Seems on time/early people are rude even when people *aren't* late (LONG)

Damn it, Mauvaise… another example of me being late. :smiley:

I believe Erislover’s time troubles stem from his condition of being a Narcissist and attention whore of the first magnitude.

That’s the only thing I can imagine erl getting out of the second thread that he couldn’t get out of re-reading the first.

Ace! Buddy! Compadre! Dude! Hey, I remember your appearance in the old thread, just a wee one then, IIRC thirteen posts in and you were already claiming I was a narcisist from my username alone! I am glad to see you think you have much more substantial evidence now: your belief! Keep working on it, ol’ chap, long is the way and hard that out of darkness leads to light and all that jazz.

Of course, we’ve got the troubling issue of tacking on “attention whore” to “Narcissist”, but don’t let that little issue of empty claims stop you. You just go on with your bad self. In no time at all I expect you to define water as dry and prove we’re all going to die of thirst.

Funny how accurate first impressions are, isn’t it? Best of luck in your quest to convince the world to change for you.

Oh God let it die please let this thread die please make the thread stop

whimper

And I don’t intend to camp out at them to wait for you. You must go to Denny’s a lot. Open 24hours don’t ya know.

I guess your friends aren’t either. They must not really care if you come or not.

Nope, I’m saying that some people have a legitimate reason for not being on time. Like a 100 mile drive. Yet somehow, these people usually make it just fine.

For your entertainment and enlightenment - From Dictionary.com

  1. A list of times of departures and arrivals; a timetable: a bus schedule; a schedule of guided tours.

  2. A plan for performing work or achieving an objective, specifying the order and allotted time for each part: finished the project on schedule.

You don’t seem to have a schedule. Call it what you will. It’s not a ‘schedule’. It’s ErisLover time.

Hell Eris, I don’t know you from Adam, but you seem to think that making people wait for you is perfectly acceptable. You don’t seem to care that people that want to spend time with you have a life or their own.

I posted a question earlier. ---- Here we go again.

In what circumstance do you think that it is not necessary to set a time when two people meet?

In that case, explain what the compromise is between

  1. a specific time with a certain +/- allowed.

  2. a general time with exact time not important.

Wow, lotsa stinky bait out there. I won’t dig up your old post and hold it against you, Ace. But it is a shame to see your pattern of nonsense has not noticibly improved since that eleventh post.

Gyan9, I am not aware that those two situations are substantially different.

enipla: “n what circumstance do you think that it is not necessary to set a time when two people meet?” —Just name one, eh? Sure.

Person A and Person B are taking the same flight from the same airport to the same place, but arriving separately.

Person A says, “See you at the airport!”

Person B says, “OK, see ya!”

How about another?

Person A says, “Hey, B, we’re having a party tomorrow evening. Why don’t you stop by?”

Person B says, “OK!”

WARNING: Do not try this! For informational purposes only. The entire fabric of space-time is likely to tear causing untold damage to sewer systems and the return of The Old Ones. I assume no responsibility for untold suffering that will ensue if this is actually attempted.

Well, given my first response I suppose it is a little late to say that, isn’t it? :smiley: Whoops. The dogs of war sometimes have a mind of their own.

Which isn’t what we are talking about. The question is not about whether or something is true, or right, but polite. Politeness is about how one interacts with OTHER people in social situations. Manners, such as they are, are designed to make OTHER people comfortable in said situations. You hold open the door, you don’t slurp your food, and you show up on time.

Polite: “marked by an appearance of consideration, tact, deference, or courtesy”. All of those things, consideration, tact, deference, and courtesy, are about how one treats OTHER people. It is not about Eris. At all. Period.
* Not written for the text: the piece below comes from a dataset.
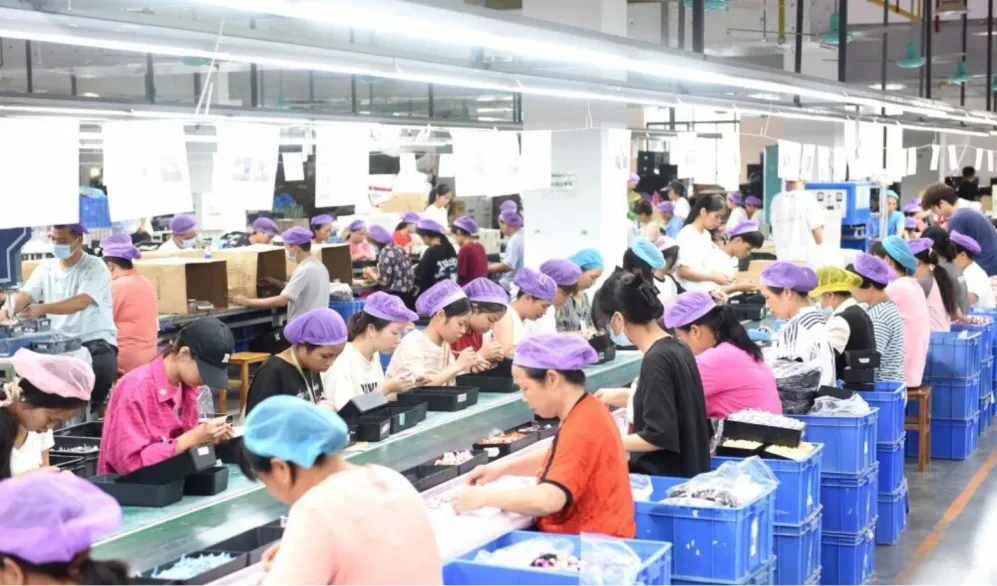 北流市邦泽创科电器有限公司是一家集研发、设计、生产、销售于一体的国家高新技术创新型企业,工人们正在流水线上忙碌着生产出口国外的订单电器。(玉林市融媒体中心记者 陈东 摄)

Care to rethink that? Or do you suppose that “allotted time” means something like “I have given myself 1.33 hours, significant to two decimal places, for doing laundry”?

enipla: “n what circumstance do you think that it is not necessary to set a time when two people meet?” —Just name one, eh? Sure.

O.K.
What does that have to do with anything? Anything at all? I will worry that you may have missed your flight since I did not see you.

[quote]
*from ErisLover

Do you think that a casual invitation to a party is the same as a “I will meet you at Joe’s” at an agreed on time?
It’s not even in the same State my friend.

You will have to do much better to convince anyone on this board that a meeting time is not important.

I should hope the answer is obviously “no”.

Will I? Funny, I didn’t know I was attempting to.

Nope, I won’t rethink that. . . . . Don’t need too.

That means that I arrive on time.

My friends are more improtant than my laudry.

And again, for the third time.

What type of circumstance do you think that when meeting someone a time to meet is not important.

Your airport scenario was just silly and easy to refute.

Go for it.

I don’t compare my friends to laundry.

I missed the refuation. I gave a general answer once: when the events are not dependent on external factors—that is external to the parties who are meeting.

If you want specifics meet me for a beer sometime.

Cell phones tend to alleviate the lateness problem a lot, since you never need to make exact plans until the proverbial last moment.
Only one of my friends is bugged by my chronic lateness, and even that is mostly because he usually calls me early in the morning and insists on us meeting during my Zombie Hours, ie. before noon.

But you are - you’re trying to say that punctuality=polite is a TRUE statement because 99 out of 100 people think so. That’s not “proof”.

And to you that’s polite - however to Joe Schmo down the street those things might be meaningless. Politeness and other manners are subjective and therefore there can have be no Absolute Truth or Value, if you will. No one person can decide for the rest of us what actually constitutes politeness. Only the individual can do that.

In that case, can you paraphrase your attitude to time ?

Obviously, one attitude is

Specific time with certain +/- allowed.

What’s yours ? And what’s the compromise ?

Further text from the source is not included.